Gupta: Es ging schnell, ich hatte mit einem Zeitraum von ein bis zwei Jahren gerechnet. Ich habe zu Sam gesagt: "Dieses Unternehmen ist voller vielversprechender Visionen, was es braucht, ist Profit. Das ist deine Aufgabe."

CW: Es heisst, Sie wurden zum Ruecktritt gedraengt...

Gupta: Das ist absolut falsch. Situationen wie unsere haben in der Regel zwei Ursachen. Entweder hat sich das Kraefteverhaeltnis im Board veraendert, oder der Gruender hat die Nase voll und wirft den Krempel hin. Nichts davon trifft zu. Wie gesagt, wir haben den Uebergang langfristig geplant.
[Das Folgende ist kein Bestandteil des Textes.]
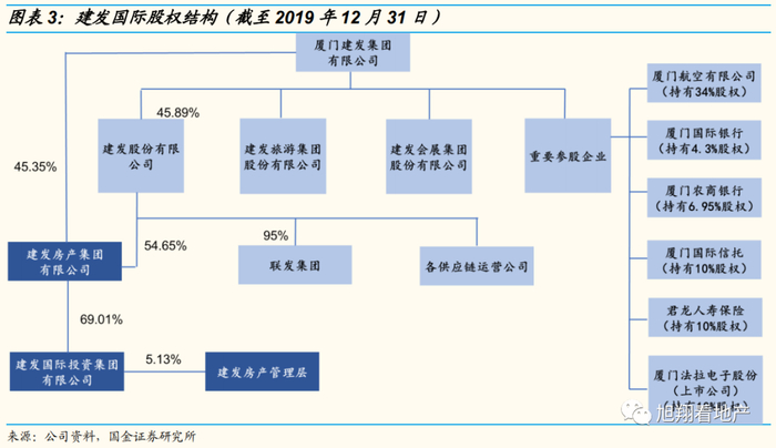根据建发国际公开资料显示,截至 2019 年底,建发房产作为股东直接持 有建发国际股份 69.01%的股份。建发集团间接持有 48.6%的股份。

Ausserdem laesst es mein Firmenanteil von 20 Prozent gar nicht zu, dass ich mich ganz zurueckziehe.

CW: Werden Sie Ihren Anteil in dieser Hoehe behalten?

Gupta: Ich habe ihn schon bisher nach und nach reduziert. Das werde ich wohl auch weiterhin tun. Trotzdem halte ich nach wie vor einen grossen, wenn nicht den groessten Anteil an Gupta. Ausserdem werde ich als Chairman und Board-Mitglied meinen Einfluss geltend machen.

CW: Hat Ihr Rueckzug mit den finanziellen Problemen der Firma zu tun?

Gupta: Ich habe schon gesagt, dass es private Gruende waren, die mich zu diesem Schritt veranlasst haben. Ausserdem haben wir 20 Millionen Dollar in der Kasse. Das reicht fuer die anstehende Umstrukturierung.

CW: Gupta soll in Centura umbenannt werden. Naehrt das nicht Spekulationen, man wolle Sie und Ihren Namen loswerden?

Gupta: Ich kann nur wiederholen, dass wir lediglich Beschluesse umsetzen, die wir vor zehn Monaten getroffen haben. Zu einer Zeit, als Client-Sever-Technik noch etwas Besonderes war, mussten wir dafuer sorgen, dass der Name Gupta als Synonym dafuer galt. Nun sind die Centura-Tools unser Alleinstellungsmerkmal, darum wollen wir wie sie heissen.

CW: Der Werbeaufwand fuer diese Werkzeuge erinnert an den Flop von 1994, als Sie 15 Millionen Dollar ausgaben, ohne den angepeilten Massenmarkt zu erreichen...

Gupta: Die Situation ist heute anders. Ich sehe es so: Wir werden unseren Umsatz verdoppeln, weil unsere Firma und unser Produkt denselben Namen haben - wenn auch vielleicht nicht ueber Nacht.

CW: Macht die jetzige Situation Ihr Unternehmen nicht zum optimalen Uebernahmekandidaten?

Gupta: Am ehesten in dem Sinn, dass wir attraktiver werden, weil wir auf dem Weg sind, wieder Profite zu machen.

CW: Bislang haben Sie sich immer gegen Uebernahmen gewehrt. Werden Sie auch diesmal einen Verkauf verhindern?

Gupta: Es kommt auf den Preis an. Ein ernsthaftes Angebot sollte man sich durchaus ansehen. Ich habe nie etwas anderes gesagt. Diese Haltung ist fuer mich als Mitglied des Board of Directors und Aktionaer nicht nur eine Pflicht, sie dient auch meinem eigenen Interesse. Das heisst aber nicht, dass wir dabei sind, einen Kaeufer zu suchen. Es gibt von uns aus keinerlei Aktivitaeten in dieser Richtung.

Mit Umang Gupta, dem Gruender des gleichnamigen Datenbank- und ToolUnternehmens, sprach Don Tennant von der CW- Schwesterpublikation "Computerworld Hongkong".